We also provide information on the numbers of whistleblowing concerns and complaints of bullying raised in each Health Board during this reporting period where we have this information and the individual cannot be identified. This information is sent to Health Boards directly by way of a short 6 monthly report. It is not a requirement for an individual to provide the name of the Health Board they are employed by in order to obtain our advice and as such these figures should be seen as indicative only as we may have received additional calls from individuals who do not identify their Health Board.
Of the 17 public cases from NHS Scotland, 11 of these identified the organisation they worked for. Of those 11, there were 7 Health Boards or Special Health Boards identified.
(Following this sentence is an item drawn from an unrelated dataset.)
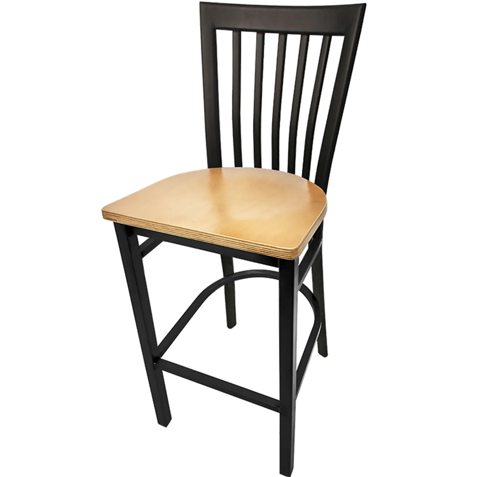 Enhance comfort and style in your commercial restaurant with the Oak Street SL4279-1-N Bar Stool. This indoor bar stool is designed to elevate the dining experience for your customers. The jailhouse metal frame with a premium black powder coat wrinkle finish adds a touch of sophistication to any establishment. The clear coat wood seat complements the black frame perfectly, creating a sleek and modern look. Crafted with a 1.2mm steel frame and 1-1/4" tubing, this bar stool is built to withstand the rigors of a busy restaurant environment. The 100% welded frame and footring provide stability and durability, ensuring long-lasting use. Non-marring glides protect your floors from scratches and scuffs. With simple assembly required, this bar stool is easy to set up and start using. Elevate your restaurant's ambiance with the Oak Street SL4279-1-N Bar Stool.

Due to the low numbers received for the majority of Health Boards (between 0-3 calls), where the information could potentially identify a caller, we are unable to report on the exact number of cases relating to specific Health Boards. We were able to report 4 self-identified calls from NHS Greater Glasgow & Clyde.
Bullying/Harassment reports to individual Health Boards
We provide data on bullying complaints from identified Health Boards both to the Health Boards directly and NHSScotland on a six monthly basis.
Due to the low rates of bullying complaints received we do not have substantive numbers to report on as reporting on low numbers from specified Health Boards may risk breaching confidentiality of callers. It is important to note that PCaW do not substantively advise on individual workplace bullying cases that do not have a whistleblowing element, as these are contractual (private) issues, but have agreed to pass on data received to the relevant Boards in order to help with a targeted focus on tackling bullying within NHSScotland.
Running Totals: Public cases
The running totals of the number of public interest cases received to the advice line for NHSScotland during this six-month period are shown in the following table:
|NHSScotland Public Interest Cases (2017)||Feb||Mar||Apr||May||June||July||Running total|
|Abuse of vulnerable person||0||1||0||0||1||1||3|
|Total Public Interest Cases||3||2||3||3||2||4||17|
|Total Public Interest Cases||185||188||155||152||148||149||977|
Running Totals: Private Cases (Contractual Matters)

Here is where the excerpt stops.